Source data
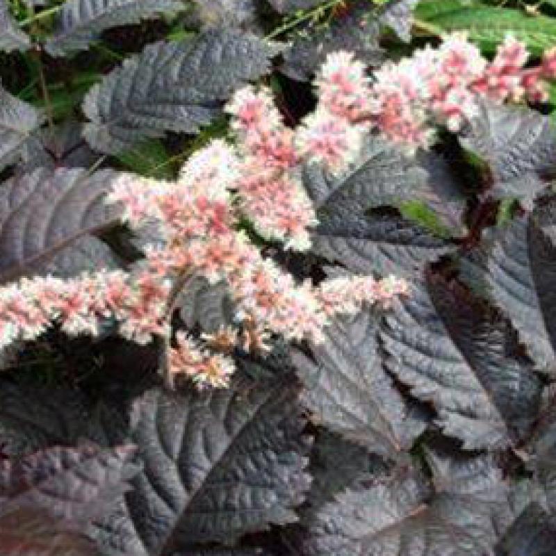 The darkest leaved Astilbe variety, 'Chocolate Shogun' offers deep chocolate brown leaves, red stems and pink flowers that appear in July.
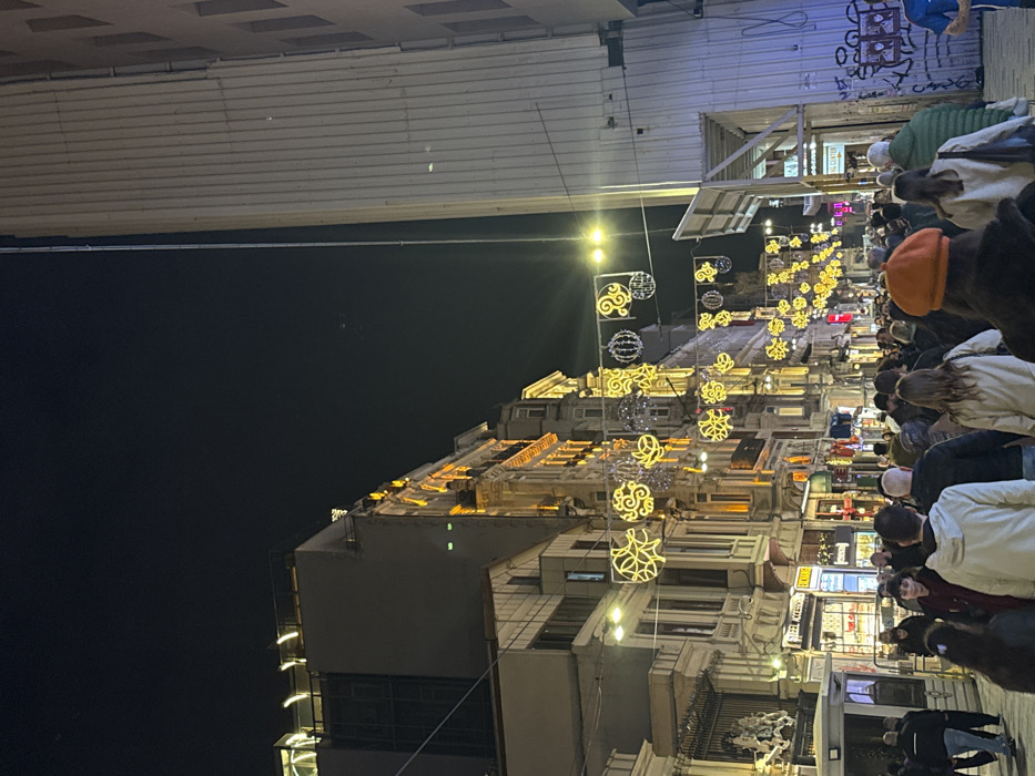 A nighttime urban scene shows a crowded street illuminated by decorative lights strung overhead
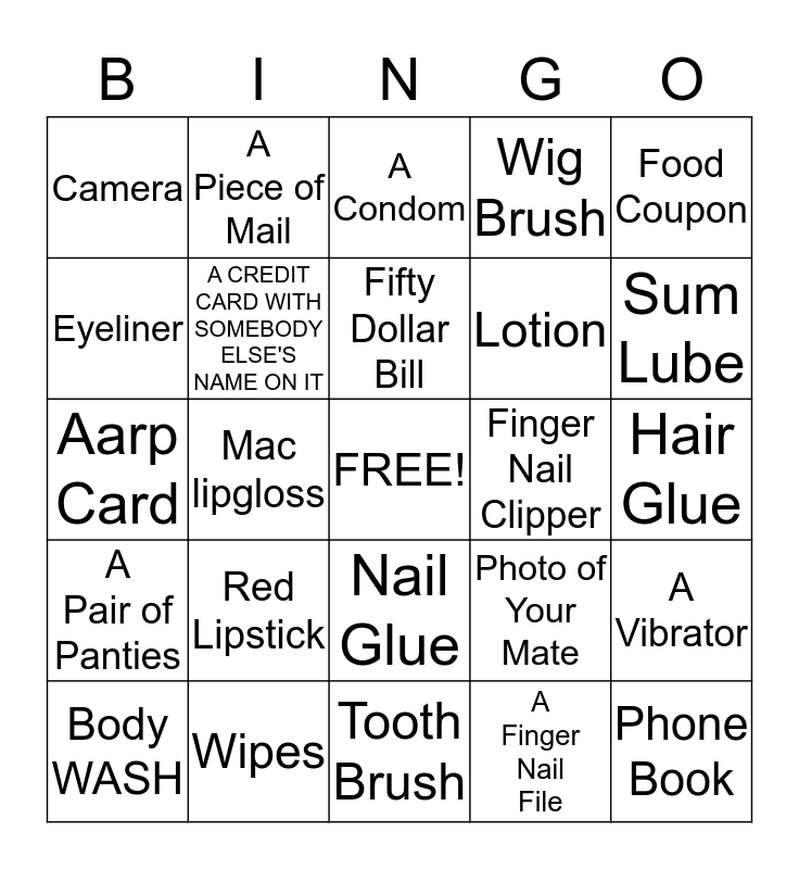 This bingo card has a free space and 24 words: Red Lipstick, Wipes, Fifty Dollar Bill, Body WASH, Food Coupon, Camera, Eyeliner, A Piece of Mail, Finger Nail Clipper, Nail Glue, Lotion, Aarp Card, Photo of Your Mate, A Vibrator, A CREDIT CARD WITH SOMEBODY ELSE'S NAME ON IT, A Finger Nail File, Hair Glue, A Condom, Sum Lube, Mac lipgloss, Phone Book, A Pair of Panties, Wig Brush and Tooth Brush.
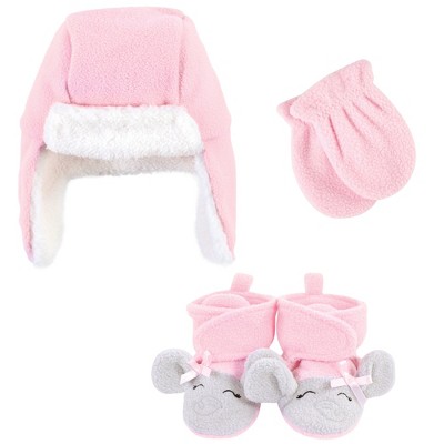 Product Name: Hudson Baby Infant Girl Trapper Hat, Mitten and Bootie Set, Pink Bear, 6-12 Months
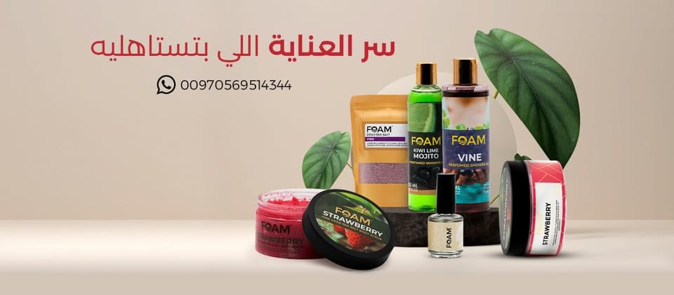 فُوم (FOAM): هي علامتنا التجارية الأساسية والأكثر شهرة، والتي تجمع بين الجودة العالية والسعر المتوسط المناسب.. فُوم هي الخيار المفضل لمن يبحث عن دلال استثنائي وروتين عناية متكامل للجسم والبشرة والاسترخاء بمواصفات ألمانية عالمية وروح فلسطينية أصيلة، ليكون التميز جزءاً من يومكِ.
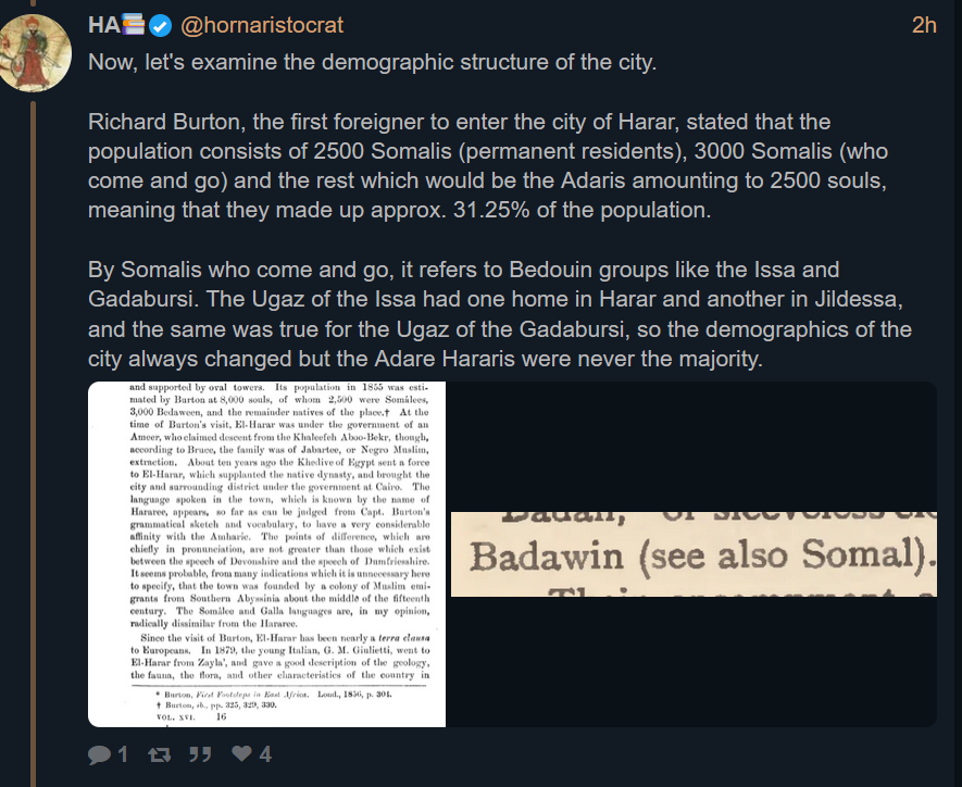 On old maps, you will see various Somali clans named around the city, practising agropastoralism, as the Oromo pushed into the surrounding lands you see these groups go back to areas close to their ancestral land, for example, the Gadabuursi went back to Harawo due to the insecurity outside the walls, you still can't trust Oromos, had a relative who lived amongst them who got murdered 2 years ago, he was married to Oromo, he got killed just for being Somali and owning land.In the thread he pointed out that the Bedouins he was referring to was Somalis and it was Somalis in the area that would have seasonal secondary homes in Harar.

• [EXERCISE OBJECTIVE]:
Include the first line of the records, the line containing "A nighttime urban", and every line between them, repeated exactly. Skip the pictures.

• [SOLUTION]:
 The darkest leaved Astilbe variety, 'Chocolate Shogun' offers deep chocolate brown leaves, red stems and pink flowers that appear in July.
 A nighttime urban scene shows a crowded street illuminated by decorative lights strung overhead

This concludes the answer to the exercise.